Security analyst, Dr Kwesi Aning, has condemned the Ghana Police Service’s handling of riots on the Madina-Adentan highway on Thursday.
Dr Aning said it was unfortunate that the routine response by the police anywhere there are demonstrators is the use of force.
“One of the biggest challenges of the Ghana Police Service is that it has never known how to control crowds. Immediately there a couple of people gathered, who seems to be agitated the routine response is to use violence to use tear gas,” he condemned.
Photo: Dr Aning is Director, Faculty of Academic Affairs & Research at KAIPTC
Police on Thursday fired shots and tear gas at Adentan, a suburb of Accra, to control an agitated crowd protesting the death of a lady on the dangerous N4 freeway.
The highway has claimed close to 200 lives this year, deaths residents blame on a lack of footbridges, road markings and working traffic lights.
The crowd had gathered in front of the West African Senior School (WASS) to protest government’s inaction in fixing the footbridges and other amenities on the highway after the student of the school was knocked and killed by a taxi.

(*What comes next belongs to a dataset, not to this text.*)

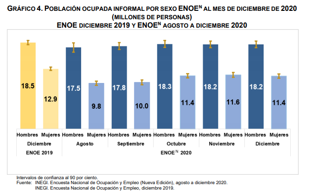 La población ocupada informal, que comprende a los ocupados que son laboralmente vulnerables por la naturaleza de la unidad económica para la que trabajan, como aquellos cuyo vínculo o dependencia laboral no es reconocido por su fuente de trabajo, en el caso de los hombres se observa un nivel similar en la ocupación informal entre noviembre y diciembre de 2020, de 18.2 millones de personas. En las mujeres, la ocupación informal tuvo un descenso de (-)285 mil personas en el mismo periodo.

Photo: The crowd burned lorry tyres and blocked roads
Police say its preliminary investigations into the rioting show that Police employed the appropriate riot control methods.
It admits, however, that “in the process, a boy of fourteen years was injured and was treated and discharged at the Nyaho Clinic in Accra. There is no record of any other injuries related to the riot control.”
According to the police, the taxi driver who knocked and killed the young lady has been arrested and is in police custody.
The statement urged the public and media, in particular to, “focus coverage on the safety of residents and road users in the area and also be circumspect in their reportage, cross, checking facts from the media centre set up at the Adentan Police Station...”
Although police are claiming they used adequate force to disperse the crowd, Dr Aning thinks otherwise.
“What happened yesterday is really not a surprise in terms of cars knocking down people and citizens getting angry. This is going to much worse because our public safety infrastructure has collapsed,” he said.
He wants the law enforcement agency to apply better intelligence in crowd control.